START DATA SUPPLIED

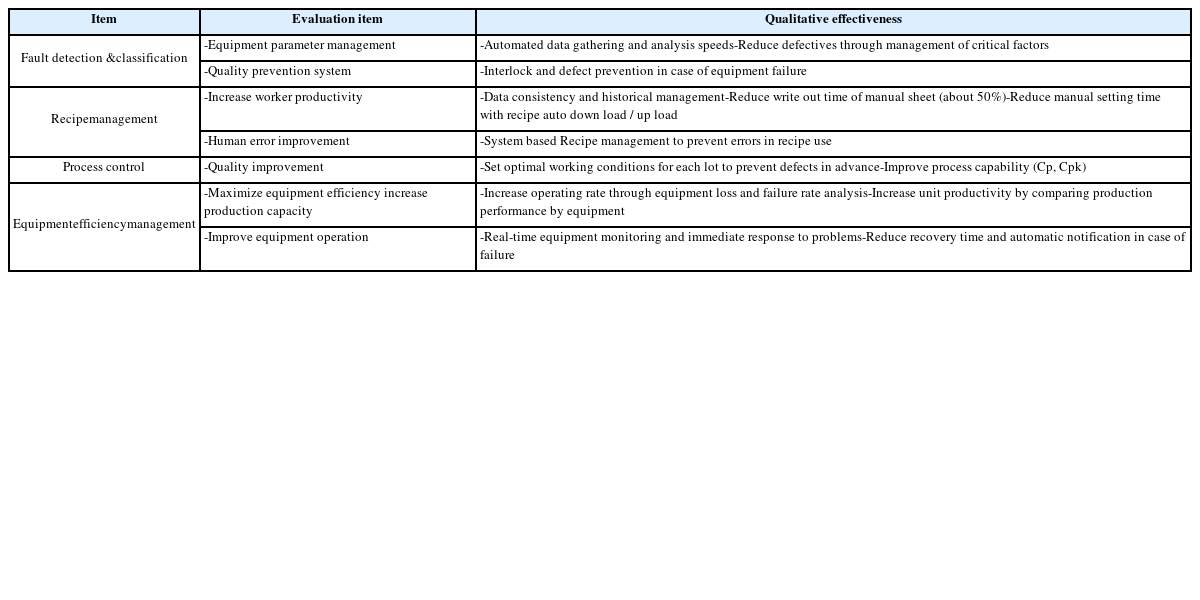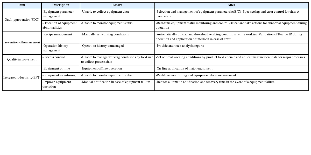 Table 2 divides FDC, RMS, R2R, and EPT, which are classified based on performance before and after the application of the equipment engineering system. The work areas were further subdivided into categories such as equipment parameter control, equipment error detection, work condition management, work history control, operation condition setting, equipment on-line, equipment monitoring, and equipment operation improvement.
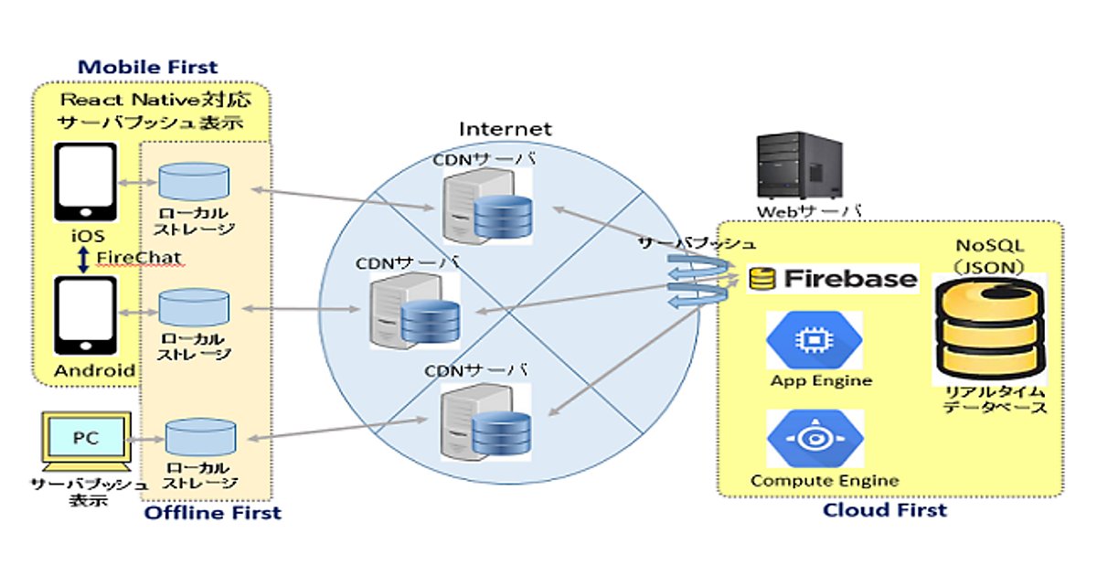 スマホやPCから書き込まれたデータはローカルストレージに保存された後、サーバに送信されます。このとき、もしネットワーク障害が発生してもデータはローカルに保存され、ネットワークが復帰次第サーバに送信されて通常のFirebase処理を継続します。またFireChatを使用するとネットに接続しなくても近距離(約60m)のスマホ同士でメッセージをやり取りできます。
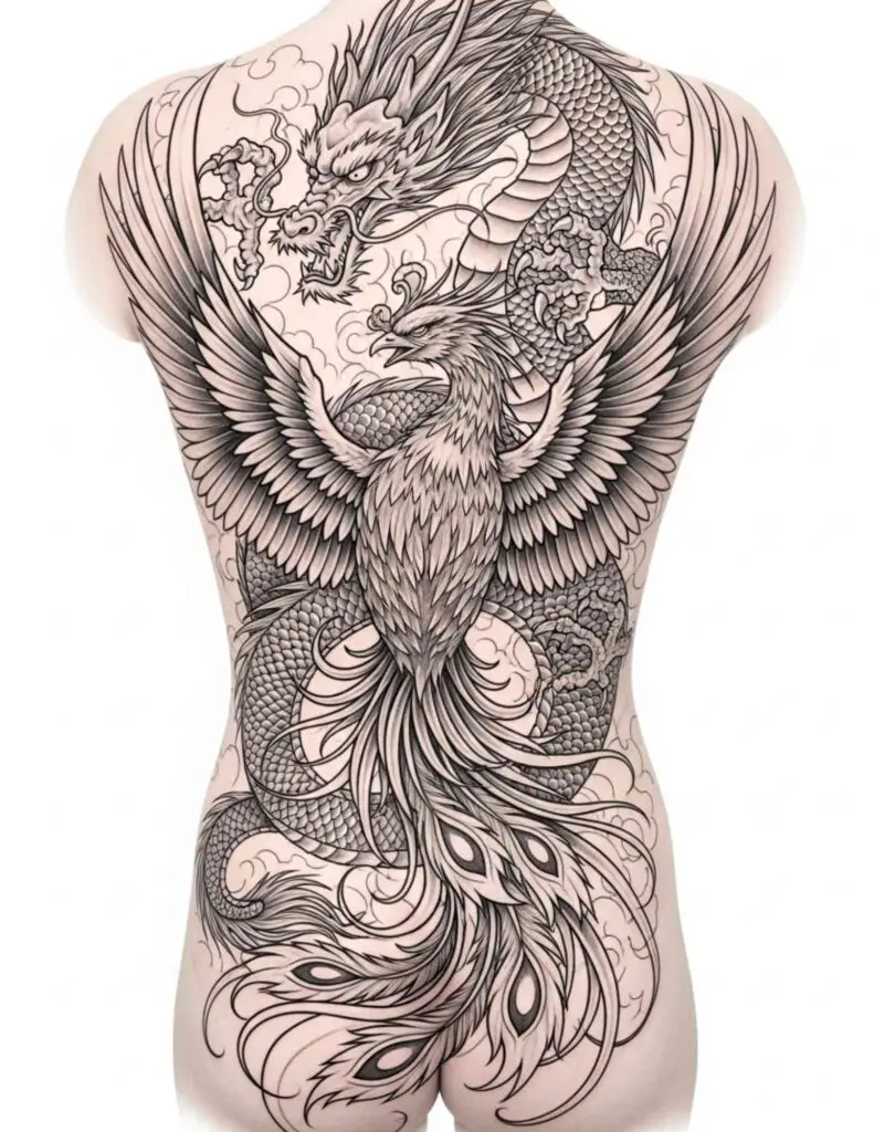 Phoenix and dragon in opposition or harmony, the two most powerful symbols in Japanese and Chinese tattoo traditions. The phoenix and dragon represent complementary forces: fire and water, masculine and feminine, earth and sky. Their pairing is ancient and carries the weight of that tradition.
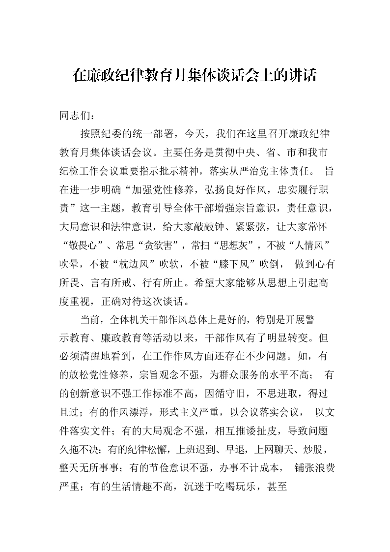 / 在廉政纪律教育月集体谈话会上的讲话
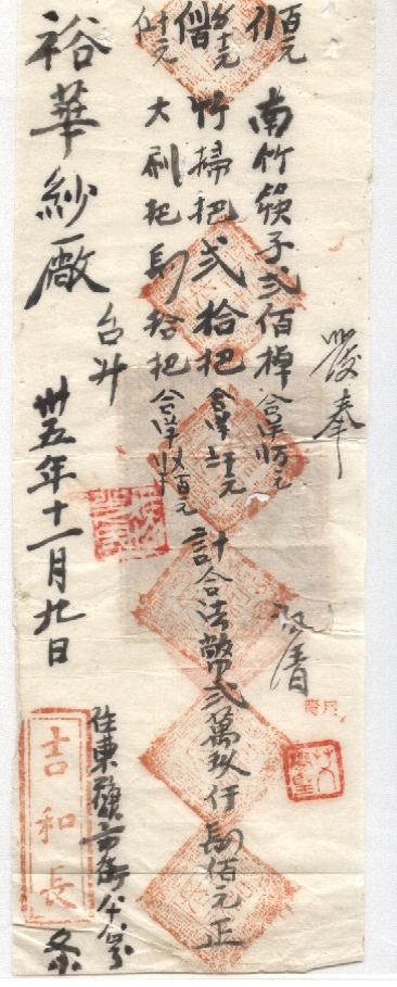 此件独一无二的藏品为年代趣味藏品  ,邮戳为      贴有印花税  * 此戳可能尚待精确解析,可联系优先免费核实,更欢迎邮友先进指正补充 联系我们
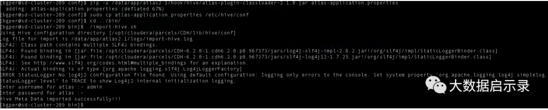 # 切换到Atlas的conf目录下cd /data/atlas-2.1.0/conf# 添加zip -u /data/app/atlas2.1/hook/hive/atlas-plugin-classloader-2.1.0.jar atlasapplication.properties# 将配置文件添加到Hive的配置目录下sudo cp atlas-application.properties /etc/hive/conf# scp到其它主机hive配置下scp atlas-application.properties sd-cluster-207̵sd-cluster-207:/etc/hive/conf

END DATA SUPPLIED

> [YOUR ASSIGNMENT]: Reproduce every entry above exactly, and omit the pictures.

> [ANSWER TO THE EXERCISE]:
 Table 2 divides FDC, RMS, R2R, and EPT, which are classified based on performance before and after the application of the equipment engineering system. The work areas were further subdivided into categories such as equipment parameter control, equipment error detection, work condition management, work history control, operation condition setting, equipment on-line, equipment monitoring, and equipment operation improvement.
 スマホやPCから書き込まれたデータはローカルストレージに保存された後、サーバに送信されます。このとき、もしネットワーク障害が発生してもデータはローカルに保存され、ネットワークが復帰次第サーバに送信されて通常のFirebase処理を継続します。またFireChatを使用するとネットに接続しなくても近距離(約60m)のスマホ同士でメッセージをやり取りできます。
 Phoenix and dragon in opposition or harmony, the two most powerful symbols in Japanese and Chinese tattoo traditions. The phoenix and dragon represent complementary forces: fire and water, masculine and feminine, earth and sky. Their pairing is ancient and carries the weight of that tradition.
 / 在廉政纪律教育月集体谈话会上的讲话
 此件独一无二的藏品为年代趣味藏品  ,邮戳为      贴有印花税  * 此戳可能尚待精确解析,可联系优先免费核实,更欢迎邮友先进指正补充 联系我们
 # 切换到Atlas的conf目录下cd /data/atlas-2.1.0/conf# 添加zip -u /data/app/atlas2.1/hook/hive/atlas-plugin-classloader-2.1.0.jar atlasapplication.properties# 将配置文件添加到Hive的配置目录下sudo cp atlas-application.properties /etc/hive/conf# scp到其它主机hive配置下scp atlas-application.properties sd-cluster-207̵sd-cluster-207:/etc/hive/conf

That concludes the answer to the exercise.